Dildos Internatonal
Oct 7th, 2024 by Holiday
I send my lover dildos from across the world because I adore her. The benefits of a woman’s happiness should never be underestimated.
There was the 6.5-inch standard silicone dildo from Cambridge, a first-rate treat for a languid, Mr. Easy-styled solo session.
Now there is the 7-inch rock chick from Oklahoma, which often inspires her heavy-breathing refrain from the classic Rogers and Hammerstein musical at peak moments.
Next will be a thick, pliable 8-inch jelly dildo from Tokyo, and all the big pink box fun this implies.
My mission in life: the perfect Steely Dan for my true love.
“Inch by inch, my lust for you is bigger than a Cadillac.
I’ll will drive that dildo deeper, as long as you call me back.”
Not Fade Away (unreleased version)
Buddy Holly
I’m tired of monotonous newsagents and chic, over-priced coffee shops in the major airports of the United States, Europe and the Orient. I want elegant, sophisticated sex boutiques with exotic dildos that I may acquire to render my lover senseless.

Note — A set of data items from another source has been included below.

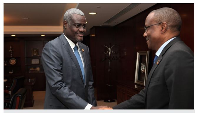
General Mohamed Béavogui and H.E. Moussa Faki Mahamat.

The African Risk Capacity (ARC) marked its 5th anniversary as a Specialized Agency of the African Union in November 2017. It is the leading institution in disaster risk financing, deploying innovative, objective and transparent parametric mechanisms that spearhead discussions around disaster risk management and climate change in Africa.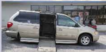
2004 Dodge Grand Caravan SXT

Purchase any used van now thru August 31, 2012 and receive a free set of Q-Strain Retractable Tie Downs.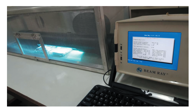
Figure 2. The pulsed electromagnetic field system where the Ar-filled plasma tube is placed inside a Faraday aluminium cage with the microwell plates 2.5 cm below the plasma tube.

In order to provide support for the investigation, the in vitro methodology of preparing the breast cancer cell samples was modelled using perfusion techniques already prepared by the Molecular Science Unit of De La Salle University, Philippines. In essence, the samples used were a replication of the in vivo phenotype. These samples were equally placed in each well of five 96-microwell plates (8 rows×12 columns) – four for the treatment group and one for the control group – with 25 µl of cells placed in each well at approximately 70% confluence. The cells to be treated with PEMF were placed inside a mesh or Faraday cage that was targeted by modulating resonant frequency propagated by a 3.3 MHz carrier frequency. To minimise collateral exposure of the neighbouring samples, aluminium foil was placed on the microwell plate to cover it, as shown in Figure 1.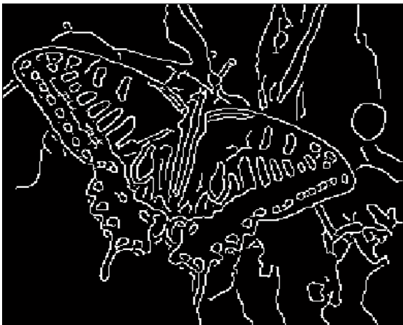
Fig. 4 Represent Edge feature of an image.

Edge Feature: As picture is a gathering of power esteems, and with the sudden change in the estimations of a picture one imperative element emerges as the Edge as appeared in figure 4. This element is use for various sort of picture protest discovery, for example, expanding on a scene, streets, and so forth [15]. There are numerous calculation has been created to adequately call attention to every one of the pictures of the picture or edges which are Sobel, perwitt, shrewd, and so forth out of these calculations vigilant edge recognition is outstanding amongst other calculation to locate every conceivable limit of a pictures.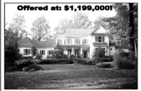
Please visit: www.weichert.com or www.realtor.com (Search by MLS#: 2452868) for a Virtual Tour.

Spring is in the Air... And the Market is Bursting with Great Home Prices!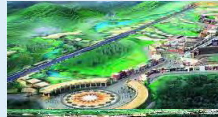
Proposed Film City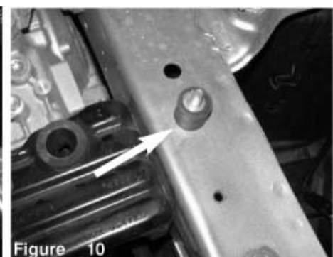
Figure 10 Secure and tighten the vibra mount.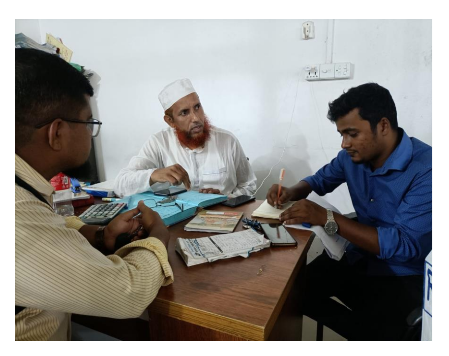
Figure 5: Data Collection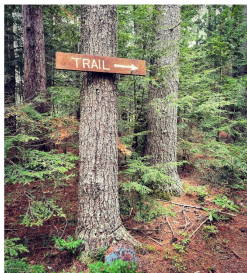
Two Rivers Trail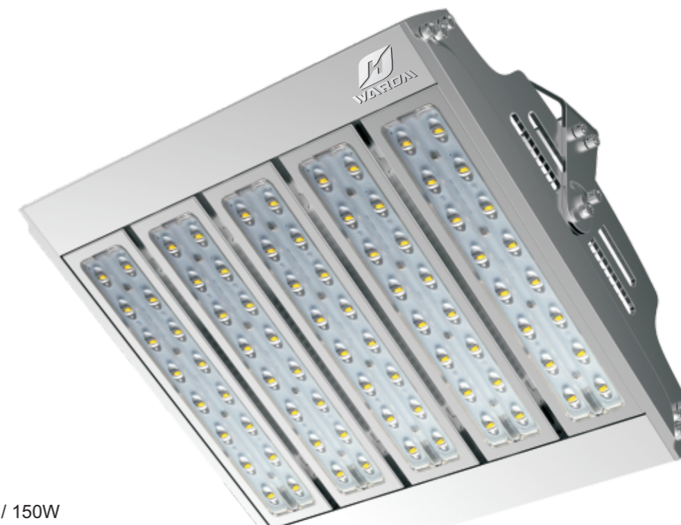
HR5101 60W / 90W / 120W / 150W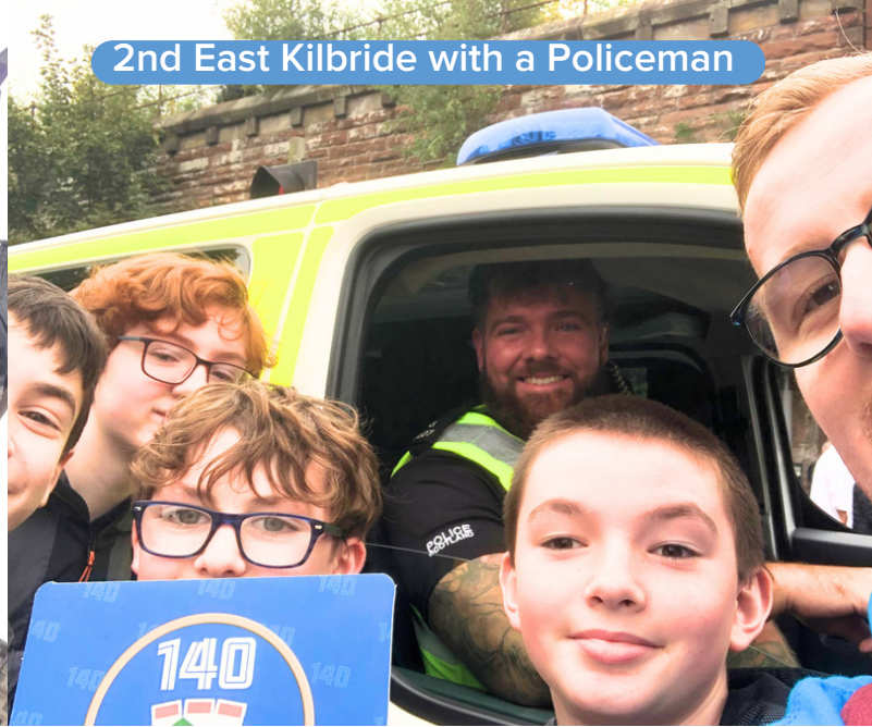
2nd East Kilbride with a Policeman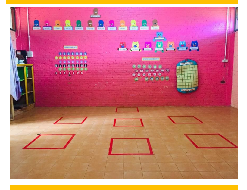
Social distancing in Kindergarten Classroom

Imagine my nude paramour blindfolded and delicately secured by both her arms and her legs with soft ropes to a sturdy, mahogany Four-Poster Spire bed. Imagine her cunt achingly wet for cock. Imagine me inserting a swirled glass dildo in my lover’s swollen labia, stroking and thumbing her highly aroused clit.
I want her fucked and ravished, spent and delirious, sighing and drained.
And then I want my lover to use the new, pliable double-headed dildo and fuck me like a slut, knowing I often long for a well-hung man to take my ass.
Just like my lover, who pays homage to Descartes: I cum; therefore I am.